Each entry should be repeated exactly. Its pictures should not be.

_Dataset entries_

* * * * * * * * *

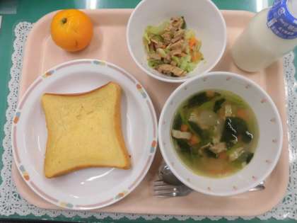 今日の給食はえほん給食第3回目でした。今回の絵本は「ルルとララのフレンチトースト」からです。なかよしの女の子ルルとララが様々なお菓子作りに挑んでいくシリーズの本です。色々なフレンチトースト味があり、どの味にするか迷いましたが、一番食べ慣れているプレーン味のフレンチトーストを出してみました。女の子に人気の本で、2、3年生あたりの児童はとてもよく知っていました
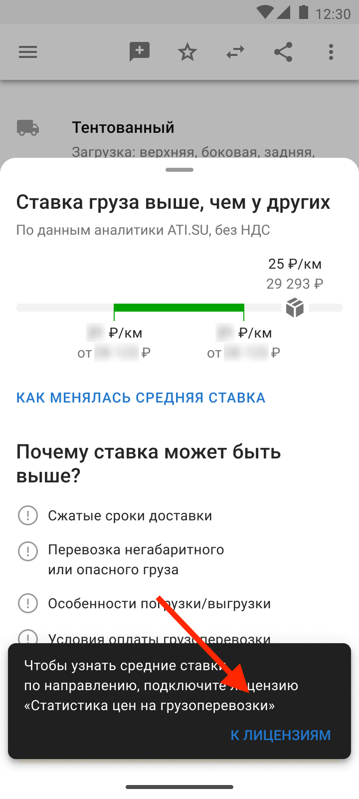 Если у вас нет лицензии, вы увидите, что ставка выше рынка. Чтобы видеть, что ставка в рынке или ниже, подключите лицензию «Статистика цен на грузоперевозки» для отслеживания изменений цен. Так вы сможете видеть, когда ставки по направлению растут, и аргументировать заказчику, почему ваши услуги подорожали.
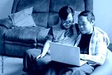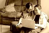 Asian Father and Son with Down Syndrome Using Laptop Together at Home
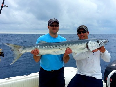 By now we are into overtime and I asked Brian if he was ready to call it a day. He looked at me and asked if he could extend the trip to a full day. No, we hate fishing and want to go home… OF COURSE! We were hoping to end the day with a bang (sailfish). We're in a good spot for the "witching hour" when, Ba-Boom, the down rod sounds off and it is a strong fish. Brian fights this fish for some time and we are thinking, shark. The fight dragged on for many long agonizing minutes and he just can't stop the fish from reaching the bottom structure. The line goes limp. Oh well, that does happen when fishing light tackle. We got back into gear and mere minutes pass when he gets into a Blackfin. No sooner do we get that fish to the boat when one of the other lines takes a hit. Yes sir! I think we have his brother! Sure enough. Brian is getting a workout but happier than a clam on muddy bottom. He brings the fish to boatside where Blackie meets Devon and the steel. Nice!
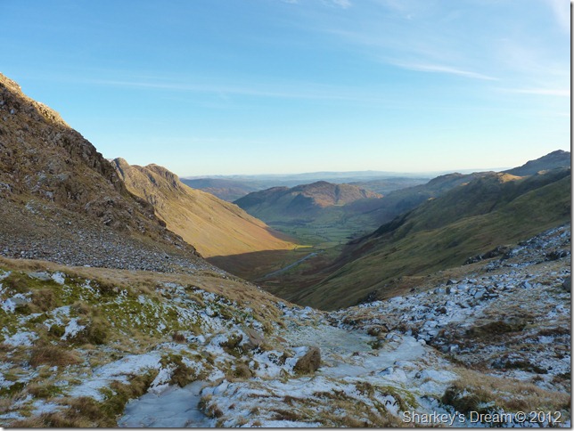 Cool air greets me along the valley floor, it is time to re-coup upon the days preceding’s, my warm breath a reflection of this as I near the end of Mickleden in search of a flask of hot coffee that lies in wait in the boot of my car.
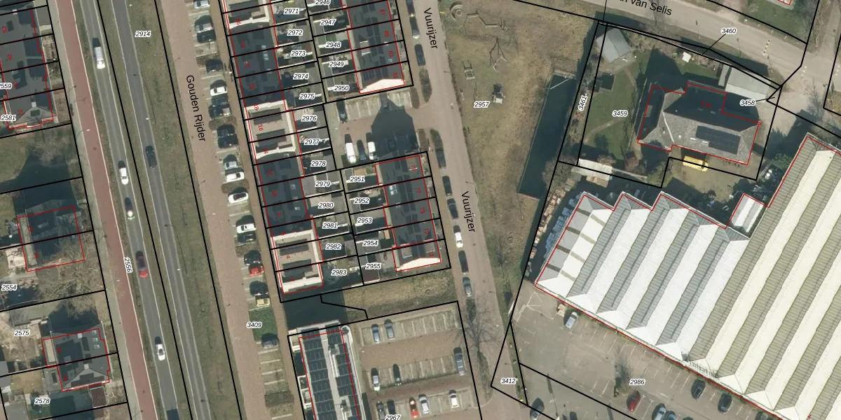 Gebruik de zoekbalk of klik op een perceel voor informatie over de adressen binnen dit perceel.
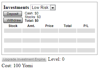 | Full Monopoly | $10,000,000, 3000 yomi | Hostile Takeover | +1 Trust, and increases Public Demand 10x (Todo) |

* * * * * * * * *

_Response area_
 今日の給食はえほん給食第3回目でした。今回の絵本は「ルルとララのフレンチトースト」からです。なかよしの女の子ルルとララが様々なお菓子作りに挑んでいくシリーズの本です。色々なフレンチトースト味があり、どの味にするか迷いましたが、一番食べ慣れているプレーン味のフレンチトーストを出してみました。女の子に人気の本で、2、3年生あたりの児童はとてもよく知っていました
 Если у вас нет лицензии, вы увидите, что ставка выше рынка. Чтобы видеть, что ставка в рынке или ниже, подключите лицензию «Статистика цен на грузоперевозки» для отслеживания изменений цен. Так вы сможете видеть, когда ставки по направлению растут, и аргументировать заказчику, почему ваши услуги подорожали.
 Asian Father and Son with Down Syndrome Using Laptop Together at Home
 By now we are into overtime and I asked Brian if he was ready to call it a day. He looked at me and asked if he could extend the trip to a full day. No, we hate fishing and want to go home… OF COURSE! We were hoping to end the day with a bang (sailfish). We're in a good spot for the "witching hour" when, Ba-Boom, the down rod sounds off and it is a strong fish. Brian fights this fish for some time and we are thinking, shark. The fight dragged on for many long agonizing minutes and he just can't stop the fish from reaching the bottom structure. The line goes limp. Oh well, that does happen when fishing light tackle. We got back into gear and mere minutes pass when he gets into a Blackfin. No sooner do we get that fish to the boat when one of the other lines takes a hit. Yes sir! I think we have his brother! Sure enough. Brian is getting a workout but happier than a clam on muddy bottom. He brings the fish to boatside where Blackie meets Devon and the steel. Nice!
 Cool air greets me along the valley floor, it is time to re-coup upon the days preceding’s, my warm breath a reflection of this as I near the end of Mickleden in search of a flask of hot coffee that lies in wait in the boot of my car.
 Gebruik de zoekbalk of klik op een perceel voor informatie over de adressen binnen dit perceel.
 | Full Monopoly | $10,000,000, 3000 yomi | Hostile Takeover | +1 Trust, and increases Public Demand 10x (Todo) |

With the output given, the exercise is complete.